Congrats! Snakes are so much fun! I've been keeping snakes for 16 years now, and I love them!

First thing I'd do is chuck the heat lamp and get an under tank heater and a rheostat to control the temperature. Heat lamps can really dry the air in a snake's cage, and it's also very difficult to regulate the amount of heat getting to the snake when using a lamp. An under tank heater without a rheostat or some way to regulate its heat, on the other hand, can get WAY HOT...so the rheostat is very important! The warm side of the tank should be around 80-85, and the cool side 70-75. Make sure your thermometer is on the floor of the tank! For some reason, people like to get those wall thermometers for corns...but corns hang out on the floor! So that's where the heat should be measured!

I'd give the snake a full week to settle in before handling it, and at least a week before attempting to feed. Find out from the previous owner if the snake has been on live, pre-killed, or frozen-thawed food. Frozen-thawed is the best option for MANY reasons, and the vast majority of corn snakes will readily take food that way. The mouse should be no bigger than 1 1/2 times the width of the widest part of the snake. A few minutes before feeding time, drop the mouse in a bowl of hot water and wait until it's thawed all the way through. Set the mouse near the snake, make sure the snake can't escape, dim the lights, and leave the room for several hours. Lots of people put their first snake off of food by checking on it every twenty minutes to see if it's eaten yet. If your snake senses a big predator nearby it may spit out its food so it can be prepared to make a run for it! Most snakes eat once a week for the first 3 years or so, then they slow down to every 2 weeks or so.

Corns are generally really really docile.

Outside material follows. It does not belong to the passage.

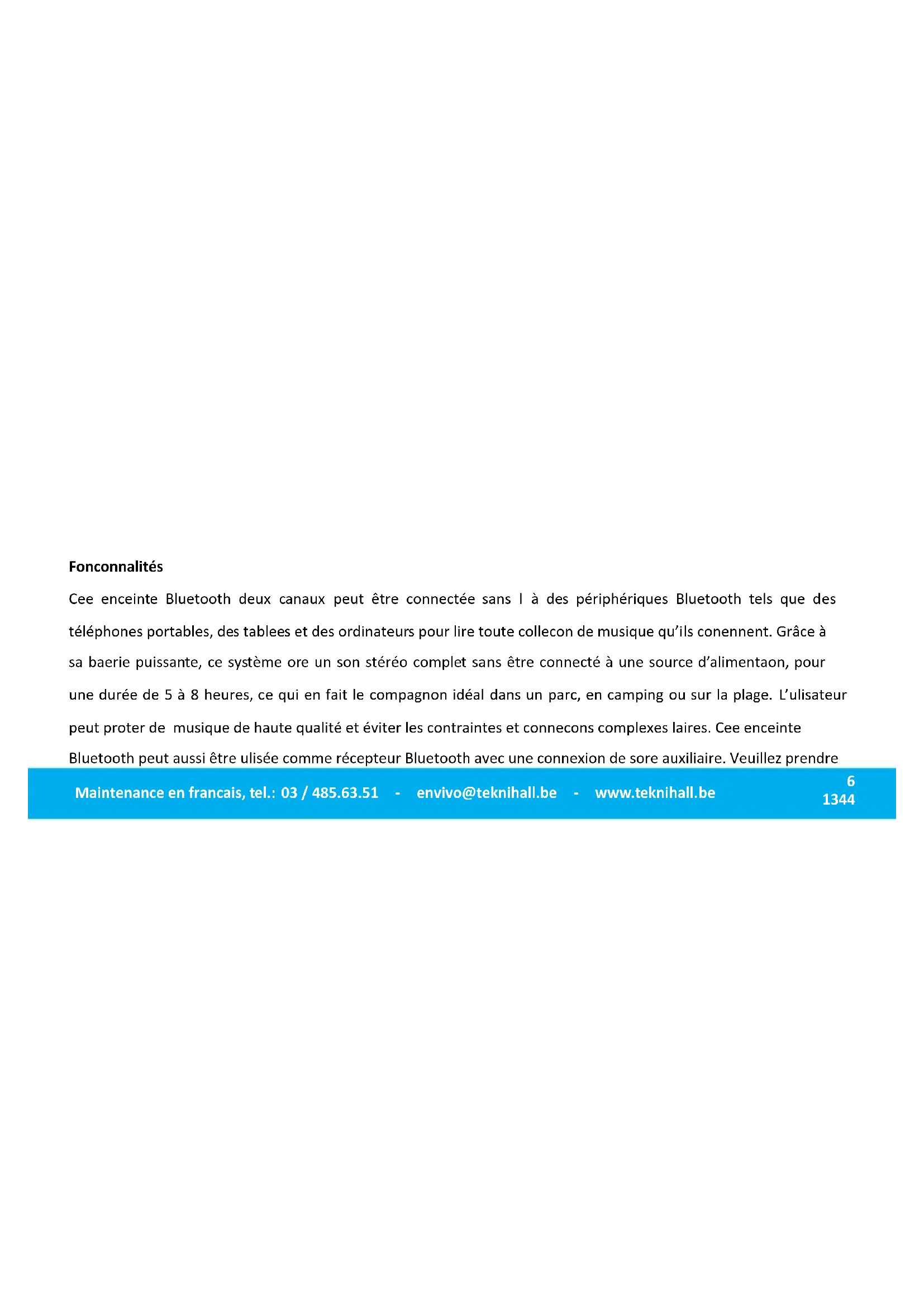 Maintenance en francais, tel.: 03 / 485.63.51 - envivo@teknihall.be - www.teknihall.be Fonctionnalités Cette enceinte Bluetooth deux canaux peut être connectée sans fil à des périphériques Bluetooth tels que des téléphones portables, des tablettes et des ordinateurs pour lire toute collection de musique qu’ils contiennent. Grâce à sa batterie puissante, ce système offre un son stéréo complet sans être connecté à une source d’alimentation, pour une durée de 5 à 8 heures, ce qui en fait le compagnon idéal dans un parc, en camping ou sur la plage. L’utilisateur peut profiter de musique de haute qualité et éviter les contraintes et connections complexes filaires. Cette enceinte Bluetooth peut aussi être utilisée comme récepteur Bluetooth avec une connexion de sortie auxiliaire. Veuillez prendre7

If you're nervous handling it at first, gloves can be a really big help. A snake can tell if you're tense or jittery when holding it, and will respond appropriately! I recently got a new girl who bit me as I was putting her in her cage, so for weeks after that I was nervous while handling her, and she was jumpy and irritable too. My sister in law came over and picked her up confidently, and my darling snake was calm as could be! I felt like a dummy. Signs of a grumpy corn snake include: tensing into an 's' shape, flattening their head into a triangle, and rattling their tail!

Do you know what morph the snake is? Most morphs are very easy to tell when they're going into a shed cycle. The eyes turn milky, then clear, and a few days later they shed. Ideally, snakes shouldn't be handled or fed during a shed cycle. My corns are all snows, and it's almost impossible to tell when they're going to shed...so they do get handled and fed during that time, but if I could tell I would avoid it. I feel like it must be stressful for them not being able to see well, and they do have a higher change of regurgitating their food if they eat while in shed. (a snake regurgitating is a BIG DEAL!)

Hmm..what else? A gram scale (like a little kitchen scale) is neat to have. I like to weigh my snakes and see how fast they're growing.

Health problems to look for...not much! Regurgitated food, after the snake sheds make sure both of the eyecaps have come off.

Here are a few pics of my corns...

Kostya: He's a Bubblegum Snow from Low Belly Reptiles, and with any luck he'll be a daddy in the spring.


Pearl: She's a Coral Snow originally from South Mountain Reptiles, and hopefully she'll be the mama! She decided to taste me upon arrival to my house. I don't blame her, she'd just been shipped overnight from Texas and she was cranky!


Mirasol: (Atrocious picture, I know!) She's a Champagne Snow Stripe. She'll be Kostya's other wife...in three years!